Si ces femmes apparaissent comme des négociatrices de leurs positions identitaires dans la création d’un espace personnel, elles sont aussi évidemment reconnues comme limitées dans leur avancement personnel en contexte migratoire canadien à cause de l’intersection de race, genre et classe. En bref, la plupart des études en sciences sociales assument la capacité d’agentivité de ces femmes en contexte migratoire, mais aussi certaines limitations imposées par les barrières macrostructurelles présentes au Canada. Il est ainsi aujourd’hui admis que:

« South Asian women’s experiences in Canada are best understood when they are examined from a framework in which race-ethnicity, class, and gender are inextricably intertwined. It is important to consider that race-ethnicity, gender, and class are social constructions and that these women’s experiences are unique because they are negotiated within the mainstream Canadian culture and institutions » (George & Ramkissoon, 1998, p. 116).

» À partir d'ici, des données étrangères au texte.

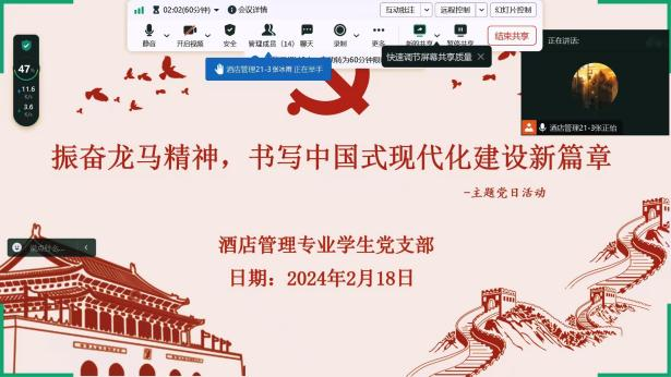 2024年2月18日,酒店管理专业学生党支部线上开展了主题为“振奋龙马精神,书写中国式现代化建设新篇章”的党日活动。会议由酒店管理专业学生党支部书记张春焕主持,支部全体师生党员参加此次活动。

Les barrières systémiques que sont le genre, la classe et la race informent, par conséquent, de l’importance cruciale de prendre en compte l’échelle macrosociale constituée par le mainstream canadien dans le vécu post-migratoire des femmes à l’étude. Un bon exemple de l’éclairage apporté par cette échelle d’analyse se trouve dans l’étude de cas de Nisha

Karumanchery (1997) sur les femmes Malayalams originaires du Kerala et vivant à Toronto. Cette auteure, appartenant elle-même à ce groupe, intègre sa propre subjectivité dans l’analyse lorsqu’elle explique dans quelle mesure le fait d’être insérée au Canada l’a forcée à devenir consciente de sa position de race :

« As a Malayalee female growing up in Canada, I have been profoundly influenced by racism, sexism and classism. Since the age of five, when I immigrated here, I was forced to become aware of my race, gender and class and how they positioned me within my family, the Malayalee community and within mainstream Canadian society » (Karumanchery, 1997, p. 2).

Au-delà de son récit personnel qui rend ses analyses encore plus intéressantes et légitimes, ce travail a aussi le mérite d’intégrer les échelles micro et macro dans l’analyse sociologique. C’est ainsi qu’elle argumente intensivement en faveur d’une grande attention à apporter au processus migratoire pour bien comprendre les expériences féminines de femmes sud- asiatiques immigrées au Canada. L’immigration a radicalement affecté toutes les participantes à cette recherche, et ce dans une ample gamme de dimensions d’expériences. Celles-ci se déploient selon un éventail de variables plus immédiatement identifiables comme les changements de classe et statut jusqu’à des variables moins concrètes comme les définitions personnelles de ce que représente le fait d'être une femme. Cette auteure établit en conséquence un plaidoyer pour que soit incorporé dans les théories féministes, où figure les réflexions traditionnelles de genre et race, celles liées également au processus migratoire, cette dernière dimension étant particulièrement ignorée de ce corpus théorique. Cette exclusion des femmes non blanches des écrits féministes, toutefois, amènerait selon Luik à la création d’un rapprochement entre ces femmes. Ce rapprochement pourrait entre autres se construire à travers l’importance accordée, parmi tous les groupes de femmes sud-asiatiques documentées, à la transmission culturelle, linguistique et religieuse aux générations nées au Canada.